The Fleet Model 60K Fort was the only aircraft designed and built by Canadians during the Second World War and was also the first all-metal monoplane built by Fleet Aircraft of Canada (Fort Erie). It was intended to be an intermediate trainer employed for pilot training between the de Havilland Tiger Moth primary trainer and the North American Harvard advanced trainer. Although it served with the British Commonwealth Air Training Plan, the Fort was redundant and was used to train wireless (radio) operators and had a relatively short operational career.

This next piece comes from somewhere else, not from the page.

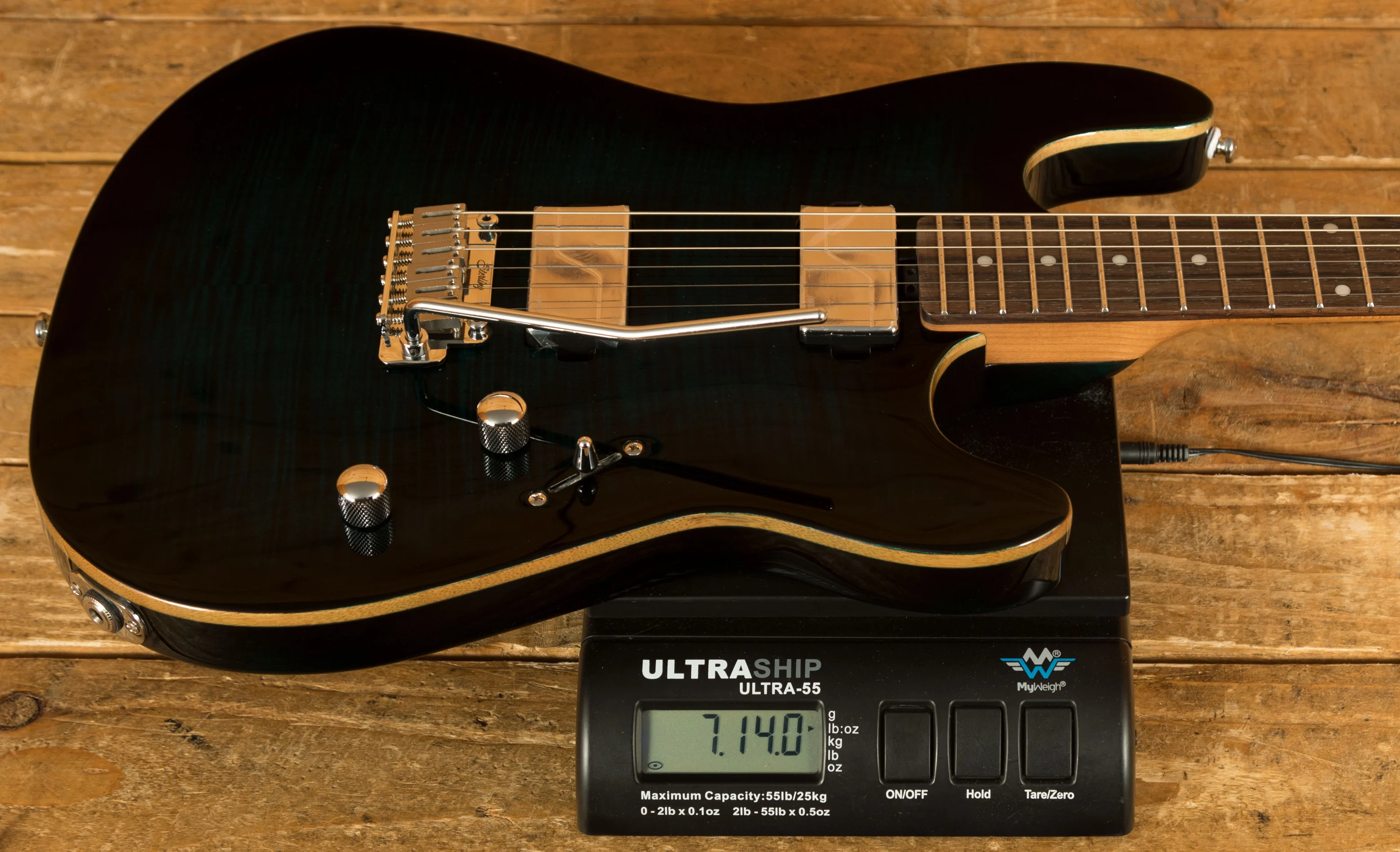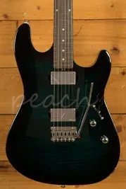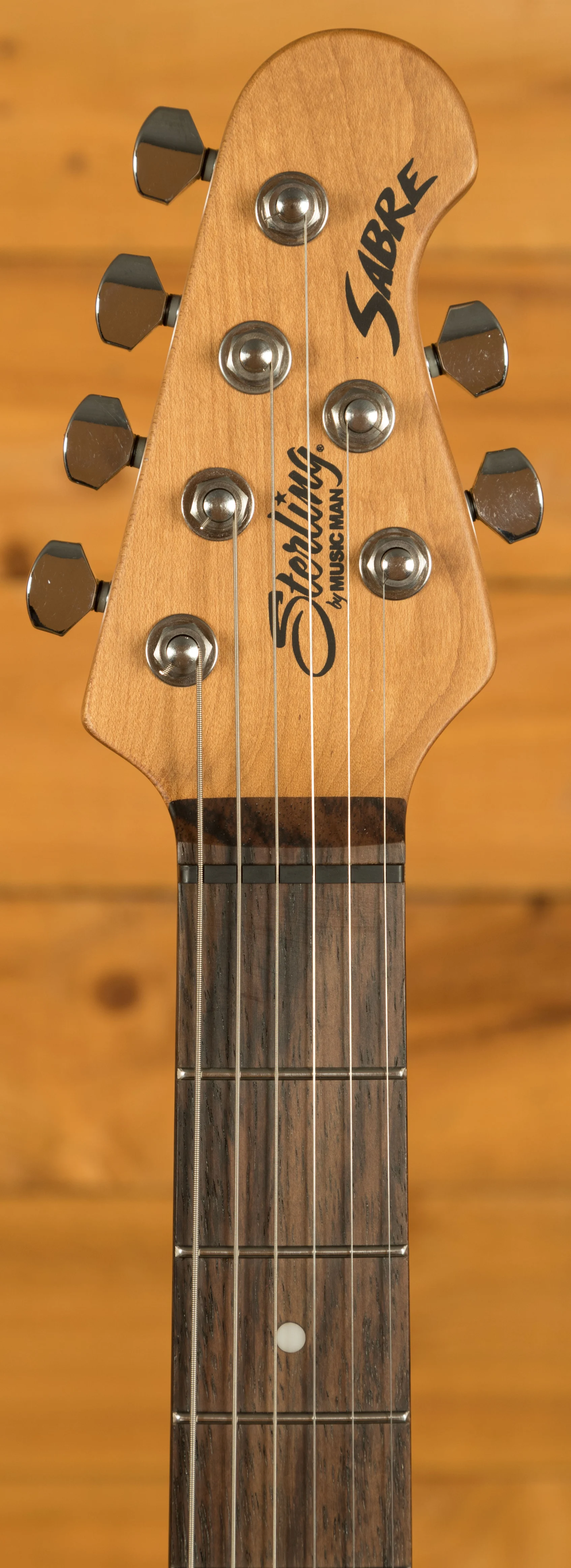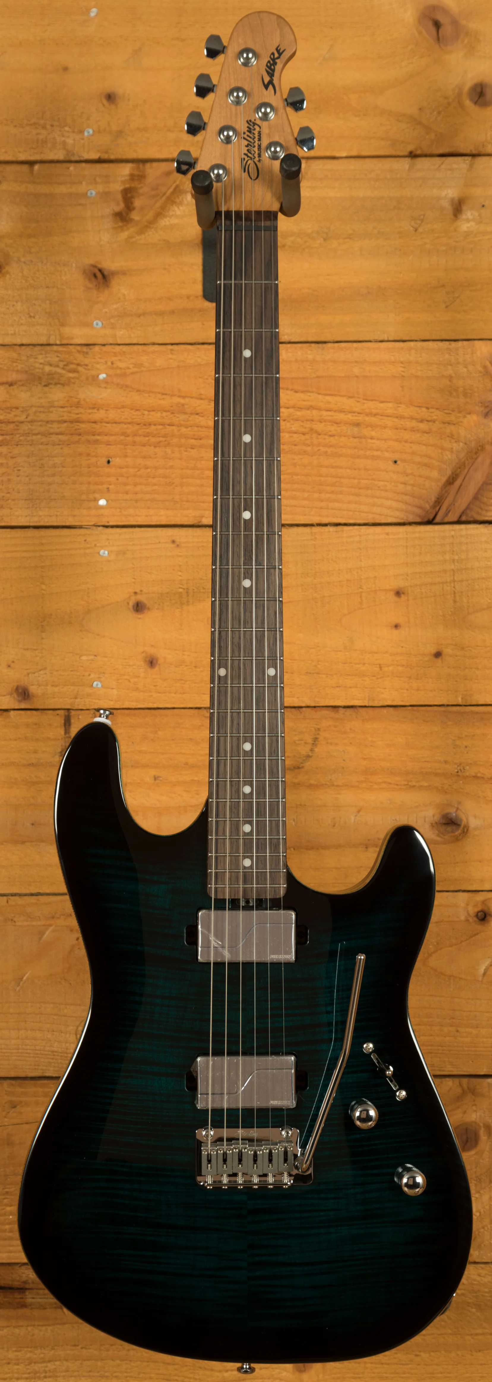 The Sterling Sabre is a high-performance electric guitar designed for modern players. It features a nyatoh body with a flame maple top, offering both durability and a visually appealing finish. The body is shaped for comfort and ease of access to higher frets, making it suitable for long playing sessions. Its 25.5" scale length and 12" fingerboard radius combine with a modern C-shaped roasted maple neck and 22 medium-high stainless steel frets to provide smooth playability, fast action, and precise intonation across the entire neck. The 5-bolt neck attachment ensures stability, while the white dot fret markers offer clear visual guidance.

==Design and development==
The Fort was originally designed as an advanced flying trainer and in 1940 orders were placed for 200 to be built for the British Commonwealth Air Training Plan. The Fleet 60 was designed as a monoplane with a low elliptical wing and a raised rear cockpit. An unusual feature was the fixed undercarriage. Although fixed, the undercarriage was fitted with a retractable fairing. This feature was intended to familiarize student pilots with an undercarriage retraction mechanism but without causing external damage by a forgetful student.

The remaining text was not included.